Trading Barriers: Immigration and the Remaking of Globalization by Peters Margaret E
Author:Peters, Margaret E.
Language: eng
Format: epub
Publisher: Princeton University Press
Published: 2017-07-14T16:00:00+00:00
SINGAPORE
In 2011, voters in Singapore sent a resounding rebuke to the People’s Action Party (PAP) largely because of its immigration policy, garnering the PAP its worst performance since independence.9 The next year, a wildcat strike by Chinese-immigrant bus drivers over pay disparities with Malaysian-immigrant bus drivers sparked widespread hostility against immigrant workers.10 Opposition to the PAP’s immigration policy further increased in 2013, when it was announced that the draft population target for 2030 would be 6.9 million, of which only 55 percent would be native-born Singaporeans. The announced target led to an unprecedented four-thousand-person protest against the policy.11 After a five-day debate in Parliament, one of the longest debates in Singapore’s history, the government was forced to walk back its policy.12 Since then, the government has enacted a new set of restrictions on both low- and high-skill immigration.
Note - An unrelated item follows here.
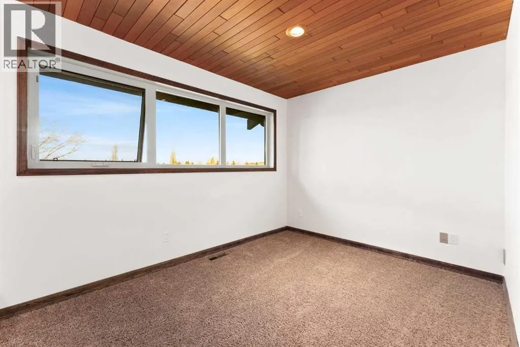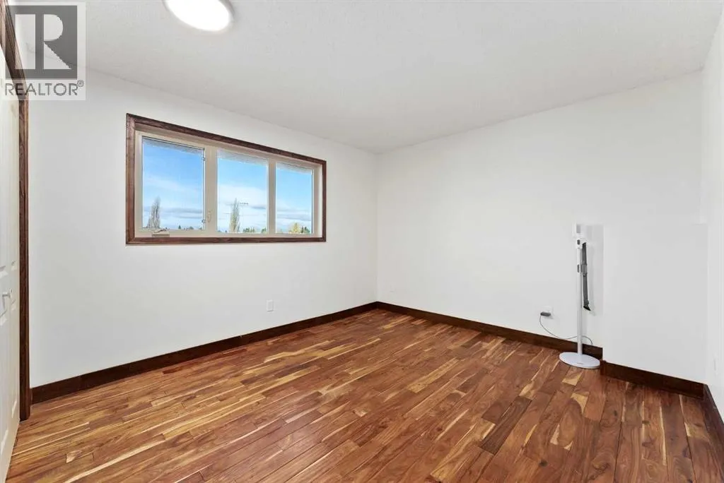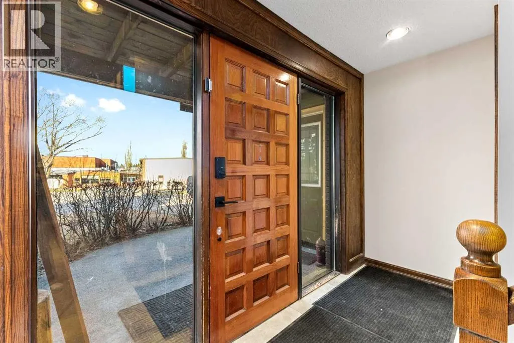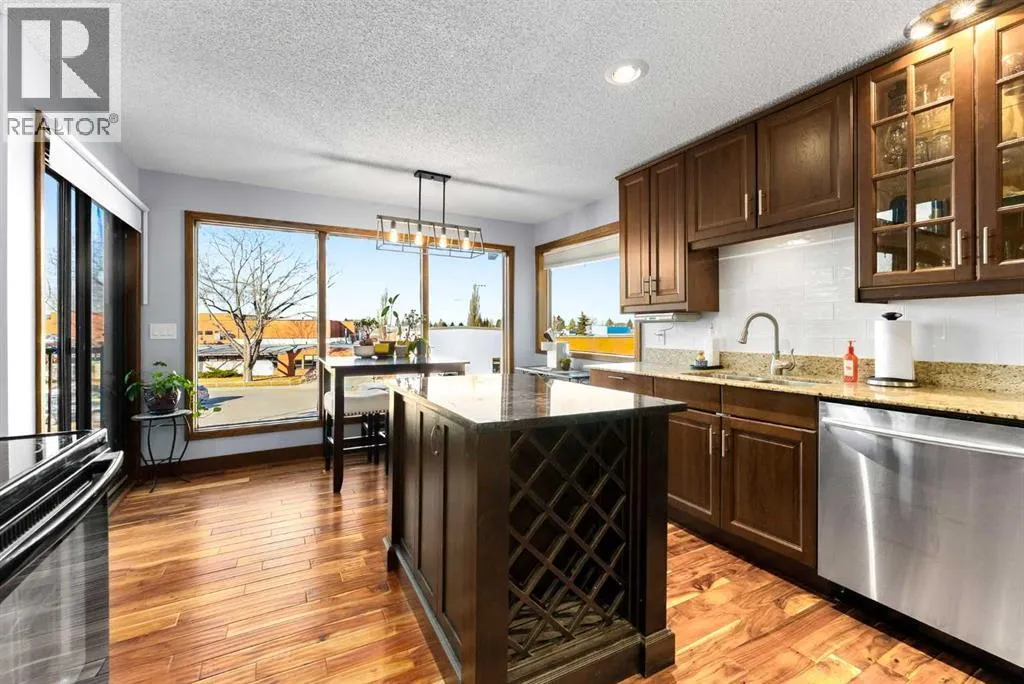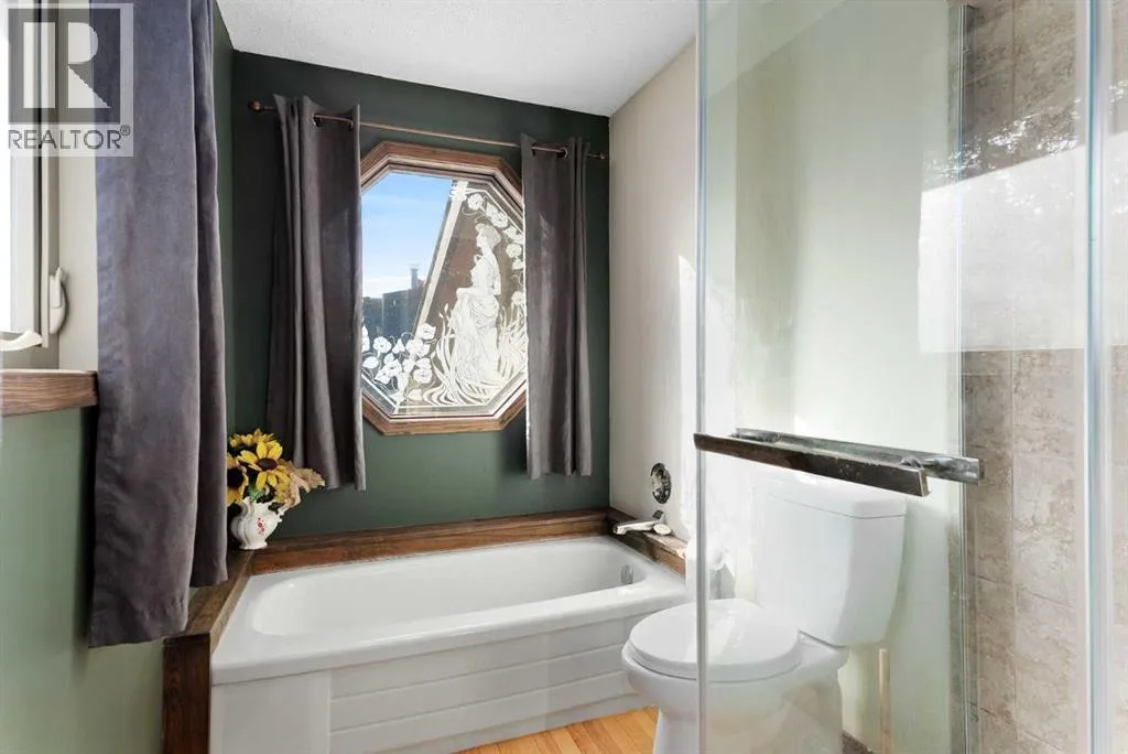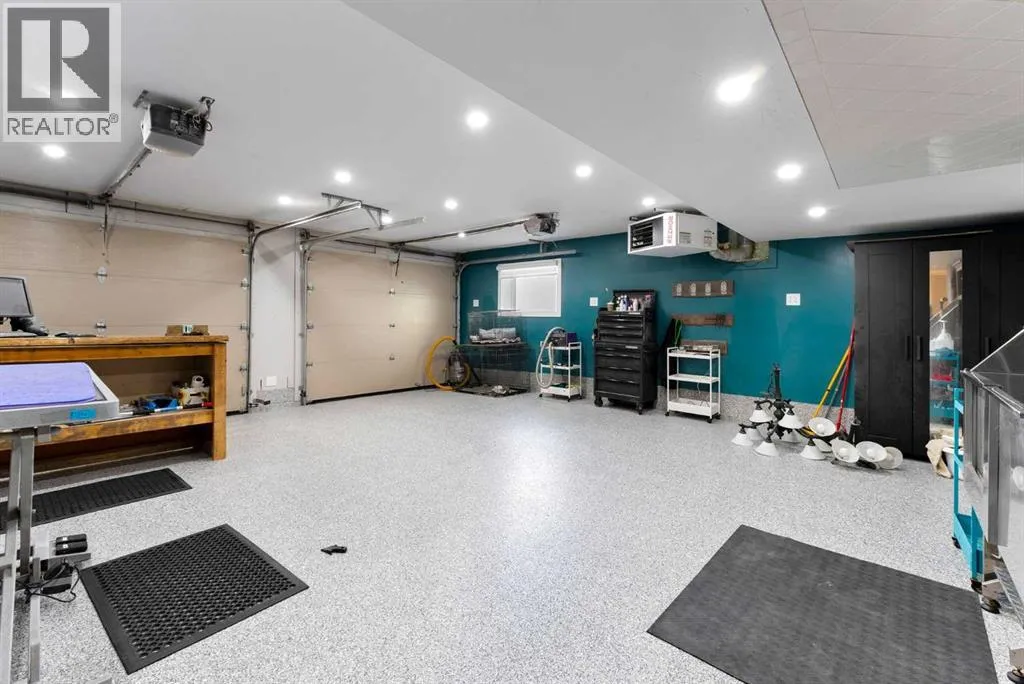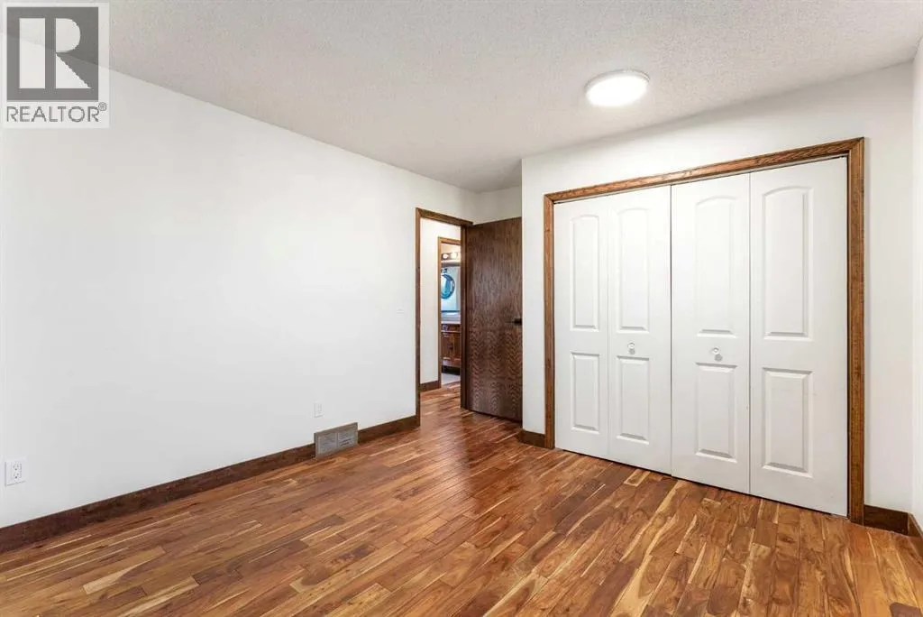 Set on a spacious 0.40-acre lot directly across from Cochraneâs tri-school site and indoor arena. This home is perfectly positioned for families; kids can walk to everything. Unique 1.5-storey reverse walkout offers 3 bedrooms and 2.5 bathrooms, combining comfort with a distinctive layout. The main entry welcomes you with a large, bright family room showcasing new luxury vinyl plank flooring and a cozy gas insert brick fireplace. Additional features include rough-in plumbing for a future wet bar, a convenient half bath with laundry, and direct access to the oversized 23' x 23' double attached heated garage, complete with durable epoxy floors. Upstairs, the main level showcases a spacious living and dining area with vaulted wood ceilings, a second gas fireplace, and a wall of tinted front windows plus sliding doors leading to the newly refurbished, wrap-around deck. Perfect for relaxing, entertaining, and taking in the surrounding mountain views. The kitchen is well-appointed with stainless steel appliances, granite countertops, under-mount lighting, an island, and a cozy breakfast nook with access to the deck, complete with gas line for BBQ. This level also includes two generously sized bedrooms, one featuring a Murphy bed, and a 5-piece bathroom with washer and dryer. A rear exit leads to a beautifully landscaped yard complete with patio, gazebo, and two storage sheds. The upper loft overlooks the main living space and is ideal for a home office, gym, or reading area. Adjacent is the primary suite, offering a walk-in closet, 4-piece ensuite, and lovely front and rear views of the property. Additional highlights include fresh paint and carpet, paved driveway with space for four vehicles, mature trees, and well-maintained landscaping. If you're looking for a home with character, space, and an unbeatable location, this is it. Quick possession available. (id:27476)

The fact that popular opposition to immigration has forced the government to restrict low-skill immigration is somewhat surprising given existing theories of immigration policy. Organized labor is extremely weak; the government controls the labor unions. Arguments based on immigrants’ use of the social welfare system cannot explain the restrictions either; low-skill immigrants (referred to as foreign workers rather than immigrants) are not eligible to use the social welfare system. Finally, if employers should have a voice in immigration policy anywhere, it should be in Singapore, where the government controls a large stake in many corporations.
How, then, did Singapore get to this point? I will argue in this chapter that the PAP’s immigration policy has been a balancing act between keeping Singaporean companies competitive in an increasingly competitive international marketplace and keeping opposition to the PAP low. The PAP has been able to keep its hold on power in large part because it has been able to deliver export-led economic growth. Yet its ability to provide this growth has been challenged as other Asian countries have developed. At first, it responded to the loss of competitiveness by increasing openness to foreign workers. However, openness has sparked fears that natives would be overrun and the traditional ethnic balance would be lost. In response to the fears that Singapore was losing its competitive edge and that immigration would lead to a backlash, the government has encouraged firms to increase productivity and/or move low-skill production overseas, while maintaining research and development and headquarters functions in Singapore. The focus on increasing competitiveness has decreased firms’ demand for low-skill workers, especially in the manufacturing sector, and pushed the government to restrict low-skill immigration to force firms to be more productive.